3. Active processing of experience:
Although experience is essential, students do not automatically learn all that they need to learn just be being immersed in experience. The key is for the teacher to move away from providing information to assuring that students have many opportunities to receive feedback digest, think about, question, examine and process what they are experiencing guided by teachers and the questions asked by teachers and others. This continuous and personal engagement by students is what we mean by active processing. Active processing, therefore, constantly shapes the perception/action dynamic and ensures that cycles are constantly completed and reinvigorated.

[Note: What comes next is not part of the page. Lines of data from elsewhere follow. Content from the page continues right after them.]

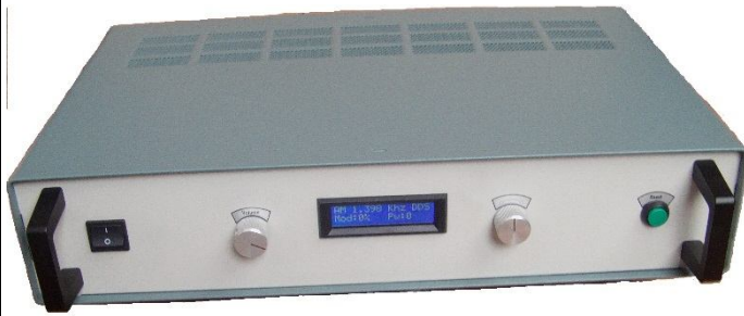
Twin Master serie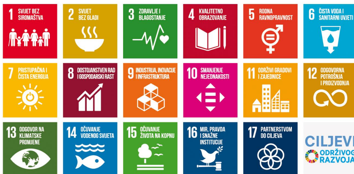
Slika 1. Ciljevi održivog razvoja prema UN-u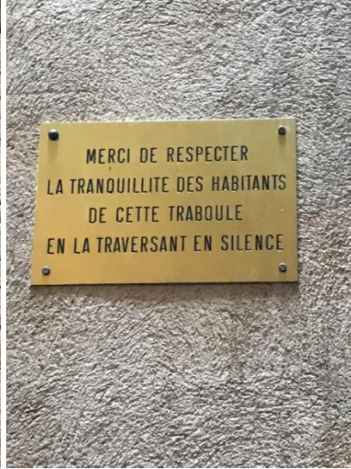
Notre guide qui nous ouvre le passage d'une traboule

Naika et Léa, deux élèves de première ES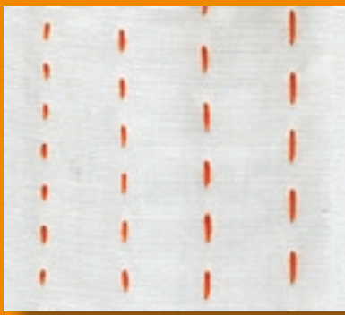
Stichoption gleicher Stichabstand, variable Stichlänge zwischen 2 und 5 mm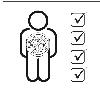
Evaluación de síntomas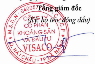
TRƯƠNG THẾ TÙNG

Active processing should include, where appropriate:
- Detailed sensory observation;
- Deliberate practice and rehearsal;
- Making links to previous learning;
- Multiple modes of questioning;
- Incorporation of expert knowledge;
- Analysis of data and sources;
- Ongoing reflection on feedback; and
- Expansion of capacities for self-discipline and self-regulation.
Active processing is doubly useful because it simultaneously provides feedback for both teachers and students while it can be used to expand and deepen student thinking. As Fullan and his colleagues point out (2006), the timing of feedback and the timing of responses to feedback is critical. In this way formative and summative assessment are largely integrated.
These three elements and their components do not need to occur in a linear or sequential fashion. Rather, they should be seen as a triple helix, with each element supporting and being a part of the other two.
In this way the perception/action dynamic is engaged, all of the capacities spelt out by the principles of natural learning find a voice, and the outcome is the continuous growth of real world competence.